The Equifax hack is getting more mysterious.The credit reporting bureau admitted that a far more extensive assortment of data was “accessed” by hackers last year than previously acknowledged; but insisted not all of that info on 145.5 million Americans was actually stolen, according to a Jan. 2 letter it sent to Sen. Elizabeth Warren.
The company’s list of “accessed” data, obtained by The Post, includes:
passport numbers, Social Security numbers, first, last, and middle names and suffixes, gender, home addresses and phone numbers, driver’s license numbers, including the date the license was issued and the state issuing them, date of birth, credit card numbers, their expiration date and “CV2” security numberstax ID numbers, email addresses
Canadian customers also had their Social Insurance Numbers taken, according to the letter.
Perhaps the most sensitive new piece of data accessed by hackers in the 2017 cyberattack on Equifax is the passport numbers — but the company is insisting no passport numbers were stolen.
“The easiest way to understand this is that there was a field labeled passports with no actual data in it,” Meredith Griffanti, an Equifax spokeswoman, told The Post.
The confusion seems to be in the wording of the actual letter, which doesn’t make a distinction.
“These represent the data fields across attacker-accessed tables that were identified as potentially containing [personally identifiable information],” Equifax wrote in the letter to Warren, a copy of which was obtained by The Post.
The letter was in response to a list of questions the lawmaker had sent to Equifax.
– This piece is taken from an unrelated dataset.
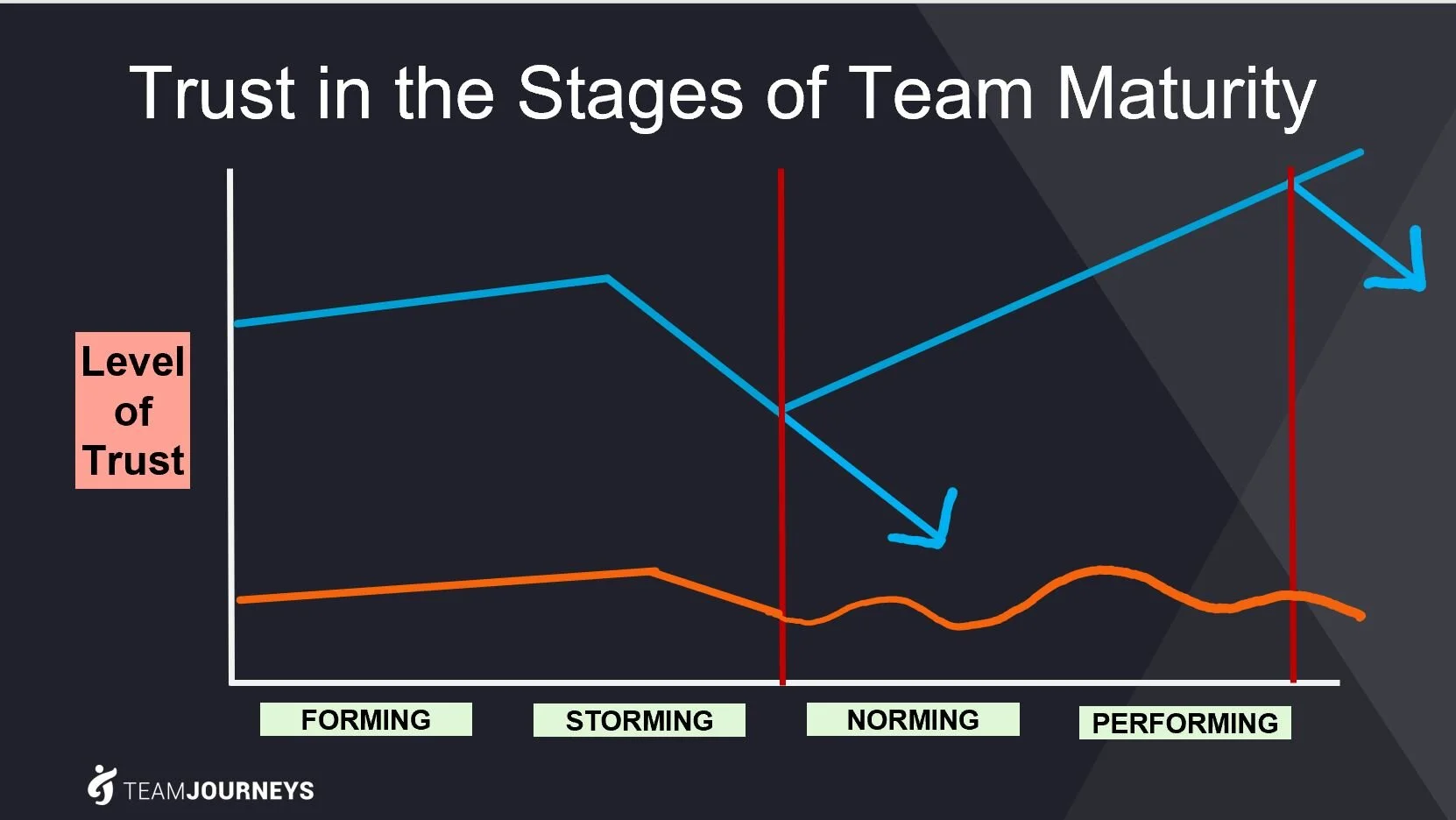 The orange line shows a team that started with little to no trust. In this condition, a team is unable to get through conflict in the Storming Stage. A roller coaster of emotions is to be expected as the team continues to work together.

The company, in the letter, cautioned that the kinds of data it listed were “not exhaustive,” but represent common elements in the “attacker queries.”
Previously, Equifax — which first learned of its hack in August but didn’t reveal it until September — had only informed the public that the stolen data “includes names, Social Security numbers, birth dates, addresses, and in some instances, driver’s license numbers,” as well as some credit card information for about 200,000 people, according to the company’s own website.
The new list of data accessed comes after Warren issued a report Wednesday on the Equifax hack. The report was the result of a four-month probe by the lawmaker.
In the report, Warren said hackers had “accessed” passport numbers.